TASK INPUT:
____________________

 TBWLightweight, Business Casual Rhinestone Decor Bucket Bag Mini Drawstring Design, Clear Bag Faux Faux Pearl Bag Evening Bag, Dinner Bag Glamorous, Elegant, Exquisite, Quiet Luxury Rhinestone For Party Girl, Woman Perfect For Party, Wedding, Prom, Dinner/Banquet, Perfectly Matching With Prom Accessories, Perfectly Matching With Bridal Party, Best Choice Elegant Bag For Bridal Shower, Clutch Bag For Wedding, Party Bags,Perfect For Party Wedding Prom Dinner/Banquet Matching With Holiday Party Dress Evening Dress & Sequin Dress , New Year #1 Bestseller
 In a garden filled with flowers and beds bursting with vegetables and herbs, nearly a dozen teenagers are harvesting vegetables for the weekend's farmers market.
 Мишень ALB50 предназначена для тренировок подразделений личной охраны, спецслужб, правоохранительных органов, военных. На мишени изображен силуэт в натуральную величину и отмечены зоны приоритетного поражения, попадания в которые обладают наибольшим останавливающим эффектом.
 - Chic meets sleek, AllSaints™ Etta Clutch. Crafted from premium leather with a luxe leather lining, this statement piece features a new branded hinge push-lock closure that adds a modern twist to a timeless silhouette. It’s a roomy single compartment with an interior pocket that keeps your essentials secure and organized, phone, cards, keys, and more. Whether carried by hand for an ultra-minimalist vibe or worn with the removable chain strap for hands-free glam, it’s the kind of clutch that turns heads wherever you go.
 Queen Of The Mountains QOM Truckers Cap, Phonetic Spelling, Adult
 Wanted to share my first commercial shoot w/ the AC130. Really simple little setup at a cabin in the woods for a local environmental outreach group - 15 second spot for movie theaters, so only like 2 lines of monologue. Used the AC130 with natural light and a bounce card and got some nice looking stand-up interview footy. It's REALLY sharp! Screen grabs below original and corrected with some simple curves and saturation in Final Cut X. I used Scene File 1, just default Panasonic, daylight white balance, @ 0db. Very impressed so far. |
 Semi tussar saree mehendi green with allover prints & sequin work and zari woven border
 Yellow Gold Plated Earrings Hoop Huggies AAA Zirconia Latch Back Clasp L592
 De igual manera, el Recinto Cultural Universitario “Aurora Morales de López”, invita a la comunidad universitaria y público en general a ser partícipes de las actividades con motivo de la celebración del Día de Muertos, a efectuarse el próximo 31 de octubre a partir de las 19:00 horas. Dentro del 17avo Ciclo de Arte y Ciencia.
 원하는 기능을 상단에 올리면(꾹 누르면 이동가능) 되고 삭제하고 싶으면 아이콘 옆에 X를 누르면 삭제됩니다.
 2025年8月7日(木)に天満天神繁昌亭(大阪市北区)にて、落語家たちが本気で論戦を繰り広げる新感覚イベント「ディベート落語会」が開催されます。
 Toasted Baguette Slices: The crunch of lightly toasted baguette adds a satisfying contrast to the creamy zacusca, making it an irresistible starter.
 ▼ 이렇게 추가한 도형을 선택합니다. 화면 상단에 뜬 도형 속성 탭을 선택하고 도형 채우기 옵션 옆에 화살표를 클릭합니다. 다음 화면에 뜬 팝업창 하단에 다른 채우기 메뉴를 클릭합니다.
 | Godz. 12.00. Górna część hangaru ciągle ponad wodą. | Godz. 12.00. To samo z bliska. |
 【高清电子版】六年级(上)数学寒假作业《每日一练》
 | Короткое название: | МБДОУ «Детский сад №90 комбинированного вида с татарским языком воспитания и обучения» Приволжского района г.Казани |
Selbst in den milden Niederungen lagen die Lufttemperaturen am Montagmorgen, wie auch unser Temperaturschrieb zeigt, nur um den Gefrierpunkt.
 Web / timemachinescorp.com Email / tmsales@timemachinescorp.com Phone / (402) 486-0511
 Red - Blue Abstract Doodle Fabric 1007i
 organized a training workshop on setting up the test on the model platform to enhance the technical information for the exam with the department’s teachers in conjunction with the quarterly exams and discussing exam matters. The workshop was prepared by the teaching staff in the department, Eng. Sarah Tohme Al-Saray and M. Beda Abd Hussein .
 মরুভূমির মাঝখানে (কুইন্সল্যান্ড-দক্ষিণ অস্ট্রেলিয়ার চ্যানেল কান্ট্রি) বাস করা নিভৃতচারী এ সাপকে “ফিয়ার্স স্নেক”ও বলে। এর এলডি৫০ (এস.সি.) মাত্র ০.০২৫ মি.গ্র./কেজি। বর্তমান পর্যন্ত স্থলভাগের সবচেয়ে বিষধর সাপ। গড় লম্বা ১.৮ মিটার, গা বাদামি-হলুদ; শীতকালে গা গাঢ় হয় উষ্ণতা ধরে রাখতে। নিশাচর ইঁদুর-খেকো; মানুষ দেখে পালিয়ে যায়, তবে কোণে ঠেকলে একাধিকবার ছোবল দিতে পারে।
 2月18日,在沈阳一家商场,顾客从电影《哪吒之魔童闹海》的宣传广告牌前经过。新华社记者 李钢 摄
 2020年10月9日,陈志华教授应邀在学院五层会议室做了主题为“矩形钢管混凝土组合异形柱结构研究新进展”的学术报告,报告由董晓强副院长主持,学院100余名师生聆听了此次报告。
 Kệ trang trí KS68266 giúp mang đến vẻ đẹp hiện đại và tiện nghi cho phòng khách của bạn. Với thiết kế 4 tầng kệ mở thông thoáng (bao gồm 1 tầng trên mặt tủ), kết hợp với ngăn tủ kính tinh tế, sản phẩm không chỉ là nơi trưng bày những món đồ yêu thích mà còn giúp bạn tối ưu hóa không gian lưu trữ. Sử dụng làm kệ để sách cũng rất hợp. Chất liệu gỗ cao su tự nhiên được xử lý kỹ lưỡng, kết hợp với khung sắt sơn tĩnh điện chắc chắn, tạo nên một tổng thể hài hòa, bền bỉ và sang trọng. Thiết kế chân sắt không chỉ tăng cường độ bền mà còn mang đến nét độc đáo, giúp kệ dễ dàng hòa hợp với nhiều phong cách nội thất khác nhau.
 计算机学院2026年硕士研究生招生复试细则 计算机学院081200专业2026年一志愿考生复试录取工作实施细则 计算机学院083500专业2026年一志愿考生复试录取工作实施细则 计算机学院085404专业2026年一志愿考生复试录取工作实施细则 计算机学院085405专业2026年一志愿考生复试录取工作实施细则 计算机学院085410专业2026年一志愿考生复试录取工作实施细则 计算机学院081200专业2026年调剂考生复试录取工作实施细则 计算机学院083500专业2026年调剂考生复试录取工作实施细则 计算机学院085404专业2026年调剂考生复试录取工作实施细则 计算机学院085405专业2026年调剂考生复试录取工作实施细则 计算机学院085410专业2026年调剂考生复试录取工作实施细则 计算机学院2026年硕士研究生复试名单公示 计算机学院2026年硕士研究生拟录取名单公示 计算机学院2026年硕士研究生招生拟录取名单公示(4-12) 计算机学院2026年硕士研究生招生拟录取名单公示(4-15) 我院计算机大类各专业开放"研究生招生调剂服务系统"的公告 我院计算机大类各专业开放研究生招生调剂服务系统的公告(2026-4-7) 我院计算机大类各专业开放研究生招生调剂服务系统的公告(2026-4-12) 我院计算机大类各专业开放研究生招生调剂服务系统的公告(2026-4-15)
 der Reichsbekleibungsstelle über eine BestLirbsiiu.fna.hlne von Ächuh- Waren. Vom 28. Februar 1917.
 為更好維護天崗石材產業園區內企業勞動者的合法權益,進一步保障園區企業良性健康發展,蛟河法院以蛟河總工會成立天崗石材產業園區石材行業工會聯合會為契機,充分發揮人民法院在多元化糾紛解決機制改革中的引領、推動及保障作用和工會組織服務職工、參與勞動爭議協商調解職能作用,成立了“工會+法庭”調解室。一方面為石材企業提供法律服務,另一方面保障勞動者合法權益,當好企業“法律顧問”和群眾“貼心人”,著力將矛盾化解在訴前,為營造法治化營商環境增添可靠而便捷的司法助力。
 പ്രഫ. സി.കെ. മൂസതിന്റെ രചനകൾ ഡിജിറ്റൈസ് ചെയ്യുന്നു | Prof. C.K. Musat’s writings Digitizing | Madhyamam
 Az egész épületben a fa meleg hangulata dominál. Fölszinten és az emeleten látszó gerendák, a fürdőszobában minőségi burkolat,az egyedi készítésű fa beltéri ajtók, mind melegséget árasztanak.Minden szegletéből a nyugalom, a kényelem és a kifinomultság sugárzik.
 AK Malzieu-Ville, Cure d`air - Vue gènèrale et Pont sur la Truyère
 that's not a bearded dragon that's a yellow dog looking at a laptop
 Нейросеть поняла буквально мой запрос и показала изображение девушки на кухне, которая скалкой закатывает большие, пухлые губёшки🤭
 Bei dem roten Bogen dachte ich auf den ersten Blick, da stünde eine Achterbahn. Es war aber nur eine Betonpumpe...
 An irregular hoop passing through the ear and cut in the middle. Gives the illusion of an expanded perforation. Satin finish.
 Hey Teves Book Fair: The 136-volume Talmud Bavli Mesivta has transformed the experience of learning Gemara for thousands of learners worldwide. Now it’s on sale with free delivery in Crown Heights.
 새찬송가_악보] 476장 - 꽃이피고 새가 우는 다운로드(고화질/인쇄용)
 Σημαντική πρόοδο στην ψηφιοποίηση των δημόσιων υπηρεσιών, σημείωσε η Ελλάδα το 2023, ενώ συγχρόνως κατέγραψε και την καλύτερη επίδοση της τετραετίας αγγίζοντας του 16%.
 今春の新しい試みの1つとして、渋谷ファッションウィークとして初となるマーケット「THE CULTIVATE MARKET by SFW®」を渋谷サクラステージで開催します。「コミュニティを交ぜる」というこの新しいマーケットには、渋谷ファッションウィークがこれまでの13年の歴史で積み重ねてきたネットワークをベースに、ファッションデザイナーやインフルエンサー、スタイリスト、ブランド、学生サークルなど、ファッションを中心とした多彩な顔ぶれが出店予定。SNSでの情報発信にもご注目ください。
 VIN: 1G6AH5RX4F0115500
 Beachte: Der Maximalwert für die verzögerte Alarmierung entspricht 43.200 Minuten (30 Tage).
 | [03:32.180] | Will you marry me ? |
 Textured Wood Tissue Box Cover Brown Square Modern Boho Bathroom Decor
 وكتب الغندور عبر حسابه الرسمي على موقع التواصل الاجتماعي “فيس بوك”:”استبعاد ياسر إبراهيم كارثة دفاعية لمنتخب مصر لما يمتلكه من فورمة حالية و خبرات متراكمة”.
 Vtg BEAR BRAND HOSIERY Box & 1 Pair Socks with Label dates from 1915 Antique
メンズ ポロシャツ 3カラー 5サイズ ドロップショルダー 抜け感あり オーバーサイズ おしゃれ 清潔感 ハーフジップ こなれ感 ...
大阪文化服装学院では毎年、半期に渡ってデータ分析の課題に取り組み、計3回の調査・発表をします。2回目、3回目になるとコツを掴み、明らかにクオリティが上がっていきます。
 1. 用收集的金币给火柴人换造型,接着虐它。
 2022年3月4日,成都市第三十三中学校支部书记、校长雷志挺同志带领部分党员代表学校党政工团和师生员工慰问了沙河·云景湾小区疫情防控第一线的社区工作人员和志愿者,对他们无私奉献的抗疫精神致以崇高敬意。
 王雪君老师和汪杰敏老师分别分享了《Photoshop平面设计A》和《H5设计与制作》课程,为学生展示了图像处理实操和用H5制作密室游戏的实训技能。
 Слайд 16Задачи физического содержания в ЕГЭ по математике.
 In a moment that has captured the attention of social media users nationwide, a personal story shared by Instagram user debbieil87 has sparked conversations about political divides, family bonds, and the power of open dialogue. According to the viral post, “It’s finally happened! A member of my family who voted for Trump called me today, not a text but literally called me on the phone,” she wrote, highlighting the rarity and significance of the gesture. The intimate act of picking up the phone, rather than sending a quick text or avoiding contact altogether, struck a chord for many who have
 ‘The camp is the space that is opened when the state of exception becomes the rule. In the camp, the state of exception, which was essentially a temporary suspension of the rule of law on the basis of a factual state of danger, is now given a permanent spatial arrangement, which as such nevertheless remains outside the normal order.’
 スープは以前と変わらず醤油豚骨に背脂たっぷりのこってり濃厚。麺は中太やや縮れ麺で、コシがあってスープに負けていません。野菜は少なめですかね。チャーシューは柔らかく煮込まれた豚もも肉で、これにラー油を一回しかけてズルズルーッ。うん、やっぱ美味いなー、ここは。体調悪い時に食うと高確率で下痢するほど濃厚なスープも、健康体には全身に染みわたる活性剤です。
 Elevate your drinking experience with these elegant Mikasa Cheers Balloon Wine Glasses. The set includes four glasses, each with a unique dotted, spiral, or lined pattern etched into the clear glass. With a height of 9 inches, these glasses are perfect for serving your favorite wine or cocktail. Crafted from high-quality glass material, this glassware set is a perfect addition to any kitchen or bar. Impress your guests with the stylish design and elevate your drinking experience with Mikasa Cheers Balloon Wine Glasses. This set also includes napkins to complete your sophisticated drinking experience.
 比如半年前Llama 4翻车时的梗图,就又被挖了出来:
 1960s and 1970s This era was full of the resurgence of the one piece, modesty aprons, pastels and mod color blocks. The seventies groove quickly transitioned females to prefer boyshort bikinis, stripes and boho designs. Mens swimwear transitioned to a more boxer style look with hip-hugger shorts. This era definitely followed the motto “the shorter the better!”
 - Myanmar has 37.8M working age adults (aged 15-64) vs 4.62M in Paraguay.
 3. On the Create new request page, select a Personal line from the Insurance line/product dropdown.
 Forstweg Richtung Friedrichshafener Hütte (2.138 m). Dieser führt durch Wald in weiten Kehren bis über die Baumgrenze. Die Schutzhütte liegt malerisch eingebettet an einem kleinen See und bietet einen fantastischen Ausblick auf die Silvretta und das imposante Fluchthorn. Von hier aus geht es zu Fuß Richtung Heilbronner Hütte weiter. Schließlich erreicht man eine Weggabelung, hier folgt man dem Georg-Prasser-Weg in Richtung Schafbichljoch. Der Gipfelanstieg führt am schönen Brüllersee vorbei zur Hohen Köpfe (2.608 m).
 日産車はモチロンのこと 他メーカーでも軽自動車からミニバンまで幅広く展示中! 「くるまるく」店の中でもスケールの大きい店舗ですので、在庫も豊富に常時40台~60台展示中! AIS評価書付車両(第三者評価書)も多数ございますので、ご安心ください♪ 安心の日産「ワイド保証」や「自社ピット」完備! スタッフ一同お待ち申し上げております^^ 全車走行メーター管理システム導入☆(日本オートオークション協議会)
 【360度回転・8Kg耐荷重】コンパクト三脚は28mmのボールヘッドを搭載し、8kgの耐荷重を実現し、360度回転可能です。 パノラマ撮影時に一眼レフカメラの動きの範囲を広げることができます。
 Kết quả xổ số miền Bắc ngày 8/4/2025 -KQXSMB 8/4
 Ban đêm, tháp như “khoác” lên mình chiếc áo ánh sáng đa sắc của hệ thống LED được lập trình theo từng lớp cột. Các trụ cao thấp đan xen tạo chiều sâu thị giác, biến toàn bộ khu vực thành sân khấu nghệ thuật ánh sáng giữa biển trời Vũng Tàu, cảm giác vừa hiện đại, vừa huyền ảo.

____________________

Please output the lines of the listing above that fall in the stretch from the one with "- Myanmar has" through the one with "3. On the Create", exactly and only those.

 - Myanmar has 37.8M working age adults (aged 15-64) vs 4.62M in Paraguay.
 3. On the Create new request page, select a Personal line from the Insurance line/product dropdown.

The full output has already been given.